Ela correu até ele e o abraçou forte. Sentiu, por um momento, o corpo dele relaxar junto ao seu. Sua mão livre aproximou-se lentamente das costas dela. Seus dedos estavam tensos e ao encontrarem o tecido macio que cobria o corpo dela, agarram-no.
Segundos depois sentiu que ela o beijava com desespero. Foi molhado, molhado por lágrimas que escorriam incessantemente pelos olhos dela.
Afastou-a logo em seguida e a encarou.
– Não faça mais isso – disse baixinho, porém sério.
Ela ameaçou derrear a cabeça, mas conteve-se e encontrou forças.
– Continua sendo o mesmo – ela disse amargurada. – Não sei por que pensei que está guerra fosse mudá-lo – ele viu uma última lágrima descer pela sua bochecha até cair no chão.
– Parece que não me conhece, Hermione – ele rebateu tranqüilamente. Era riu irônica.
– É que, às vezes, você parece um ser humano e não um ser inanimado, incapaz de possuir algum sentimento.
A mulher encapuzada girou a roleta. E dessa vez o cenário mudou antes mesmo que a última parasse de rodar.
Londres, dezembro de 2007.
Residência dos Malfoy.
– Eu estou cansado disso tudo! – ele gritou apontando o dedo para ela. – Para mim já chega! – ela deu um tapa na mão dele, afastando seu dedo de perto dela. Ele a encarou com raiva.
– E a culpa é minha?! – ela rebateu no mesmo tom. – Apenas minha? – ela se acalmou. – Pare de me culpar por todos os nossos problemas como se eu fosse a ovelha negra da nossa relação!
Ela havia perdido o controle. Ela nunca perdia o controle. Precisava retomá-lo, precisava manter-se centrada.
– Você é a culpada por tudo isso! – ele disse entre dentes. – Você conseguiu estragar a minha vida!
Ela acertou-lhe um tapa no rosto. Draco virou com o impacto, e, tomado pela raiva, pegou um jarro de vidro que estava na estante próxima a ele e o arremessou na direção de Hermione.

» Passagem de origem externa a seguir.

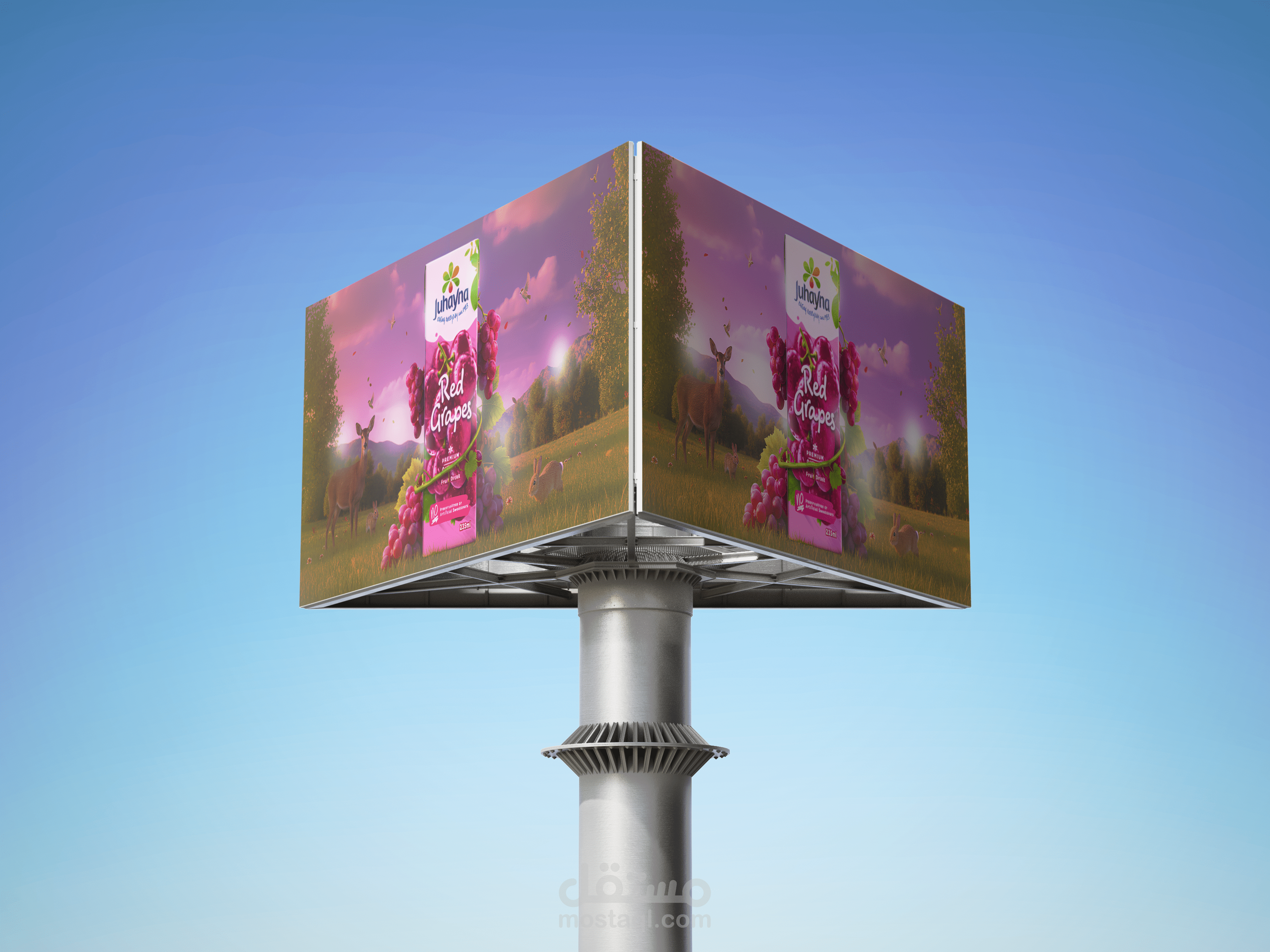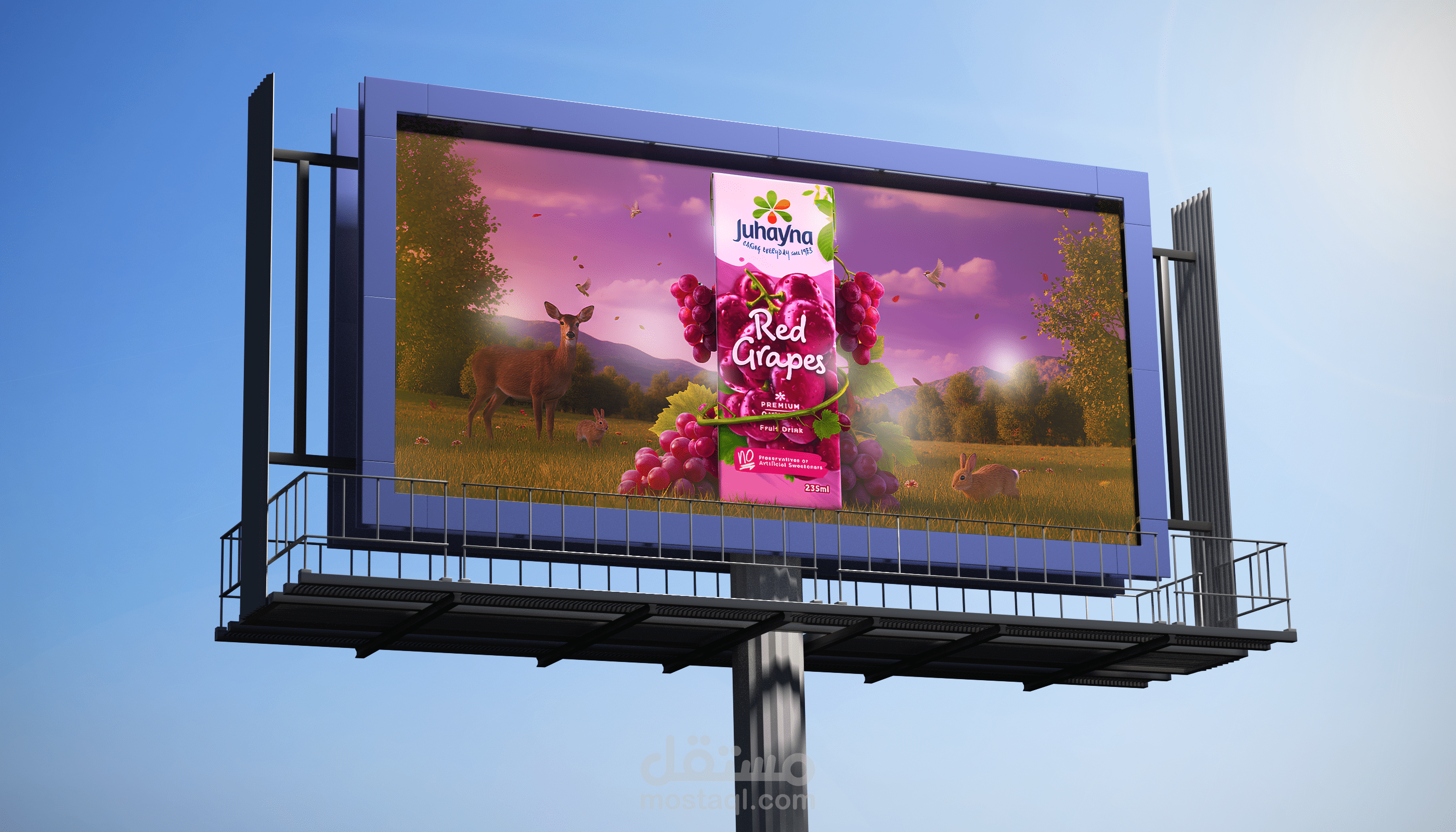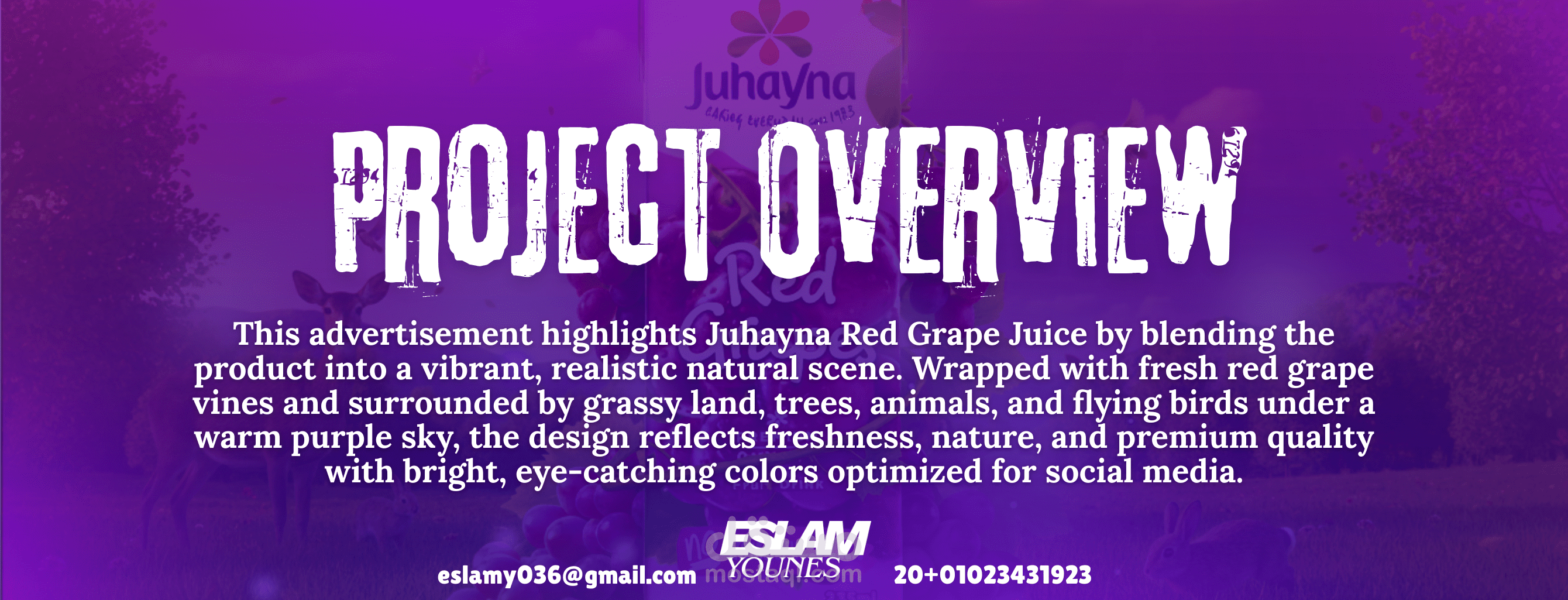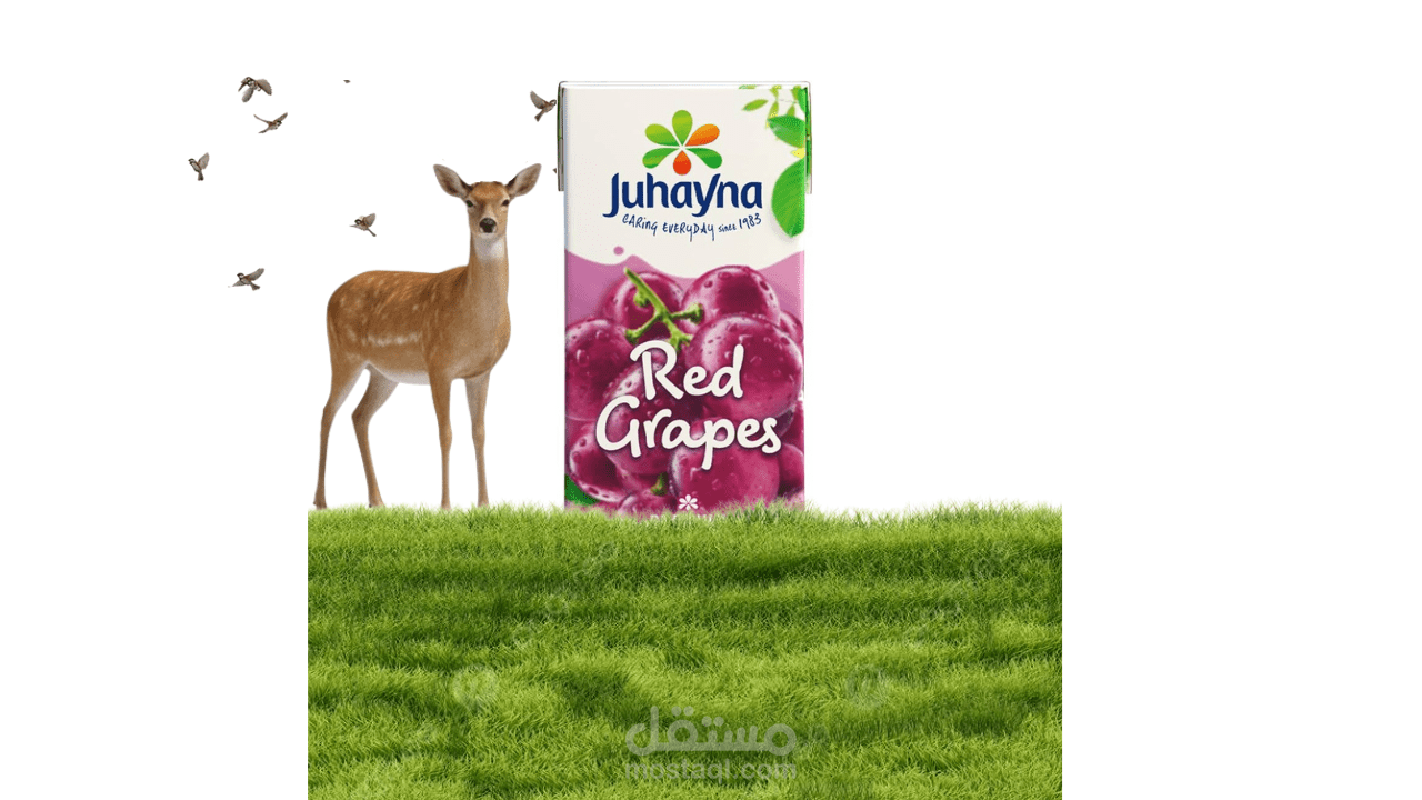 في التصميم ده، عملت عصير جهينة عنب أحمر كأنه موجود في قلب الطبيعة. المنتج مدمج بطريقة طبيعية مع العشب، عنقود العنب الملفوف حواليه، أشجار بأوراق متطايرة، غزالة وأرانب حوالين المشهد، وطيور صغيرة في السماء البنفسجية الدافئة. الألوان ساطعة وحيوية، والإضاءة طبيعية، عشان يدي إحساس بالانتعاش والجودة.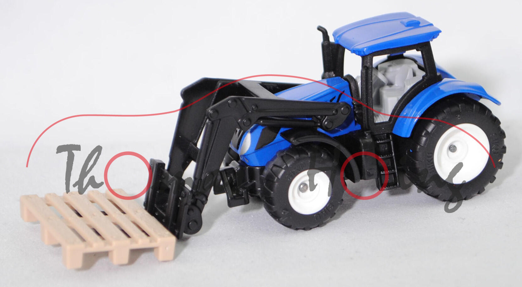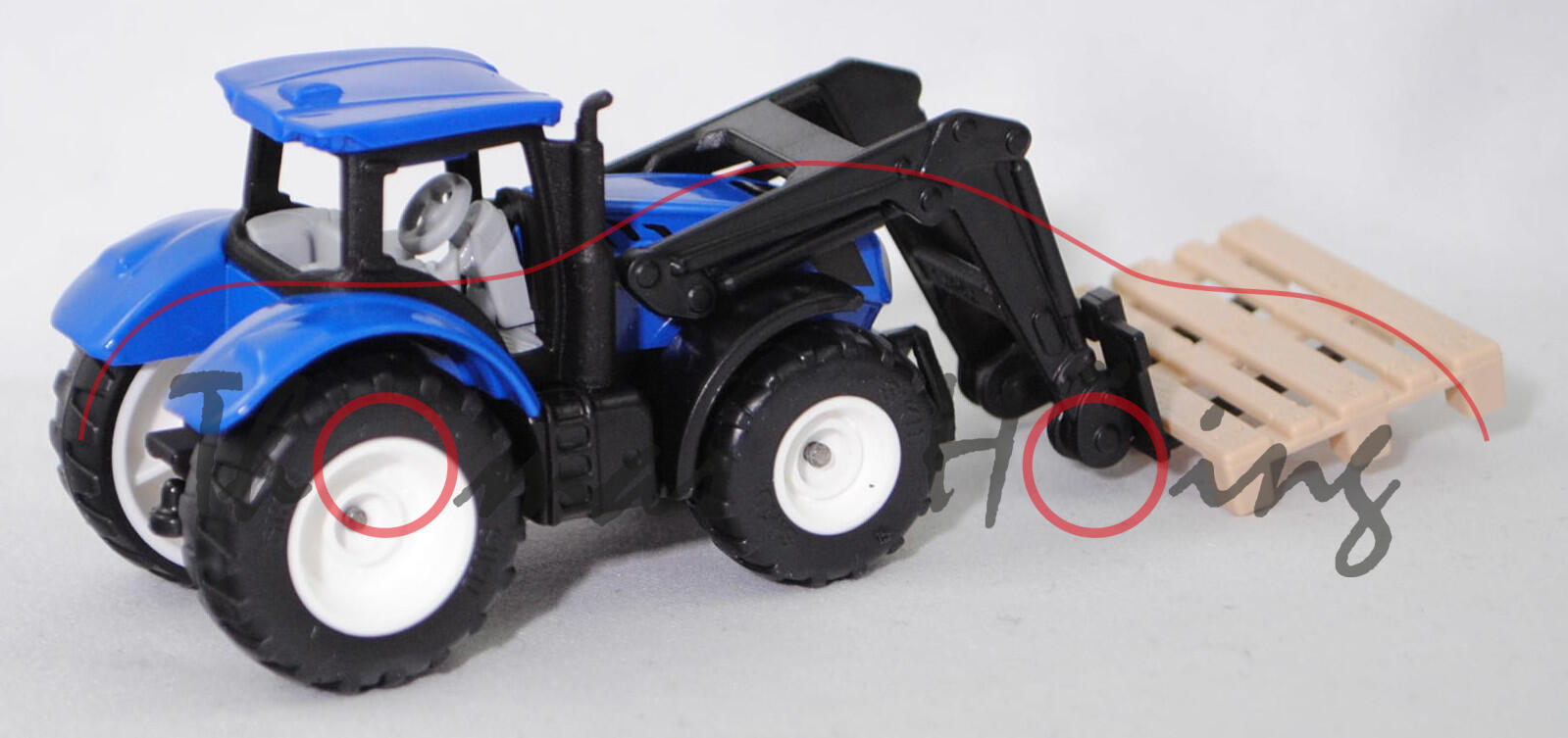 00000 New Holland T7.315 AC (Modell 2015-2021) mit Frontlader und Palettengabel sowie Palette, hell-signalblau/schwarz, Zubehör: 1 hell-beige Palette, SIKU, 1:79, P29f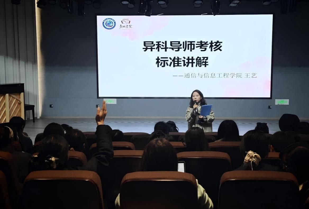 培训最后,通信与信息工程学院王艺老师就《重庆移通学院(合川校区)关于进一步优化全生异科导制工作的通知》《重庆移通学院通信与信息工程学院全生异科导师工作考核指标体系》进行了详细解读。明确本学年工作考核要点、支持机制与导向,强调考核的激励赋能作用。现场异科导师踊跃提问,互动讨论热烈,相关困惑逐一得到解答。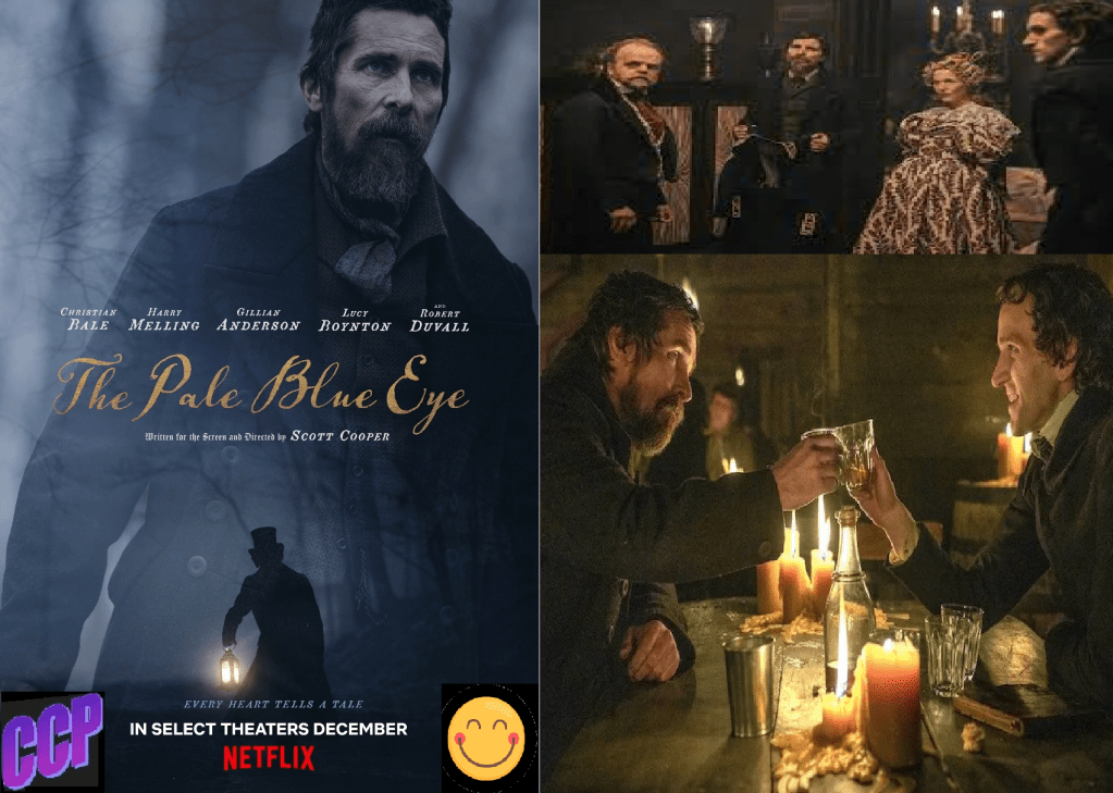 Quando assisti O Enigma da Pirâmide (1985) achei muito inventiva imaginar a juventude do icônico Sherlock Holmes, nunca explorado nos romances originais de Sir Arthur Conan Doyle. O filme O Pálido Olho Azul, adaptado do livro de Louis Baynard, explora uma premissa similar imaginando um episódio da vida do escritor norte americano Edgar Allan Poe (1809-1849). Poe realmente esteve em West Point, mas o que se segue quando entra em contato com o detetive Augustus Landor (Christian Bale) é puramente fictício. Bale é um detetive aposentado contratado para ajudar a investigar um terrível assassinato na Academia Militar dos EUA. Durante a investigação, recruta um cadete chamado Edgar Allan Poe, que o ajuda a entender o rastro de pistas que se desenrola à medida que outros mistérios surgem. Esse ritmo é gradativo na tela e permite que o roteiro construa a relação de amizade e parceria entre Landor (Bale) e Poe (Harry Melling, o Dudley da saga Harry Potter). Justamente por sua narrativa mais lenta, a história apresenta os personagens devagar e construindo o suspense à medida que a lista de suspeitos

Ele ouviu o vidro bater na parede e espatifar-se.
– Ai! – ela gritou.
Ao olhar para ela, viu seus braços erguidos, como se protegesse o rosto. Também pôde ver pequenos cortes ali.
Mione abaixou os braços lentamente e ele pôde ver um corte fino, de ponta a ponta, do lado esquerdo do rosto da jovem. Ela tocou levemente o local, sentia arder e sabia que sangrava superficialmente, mas nenhum sentimento era mais forte do que o ódio que tomou conta dela. Olhou para o marido que a encarava estático e chorou silenciosamente. Chorou de raiva, raiva de si mesma por ter se apaixonado por alguém como ele.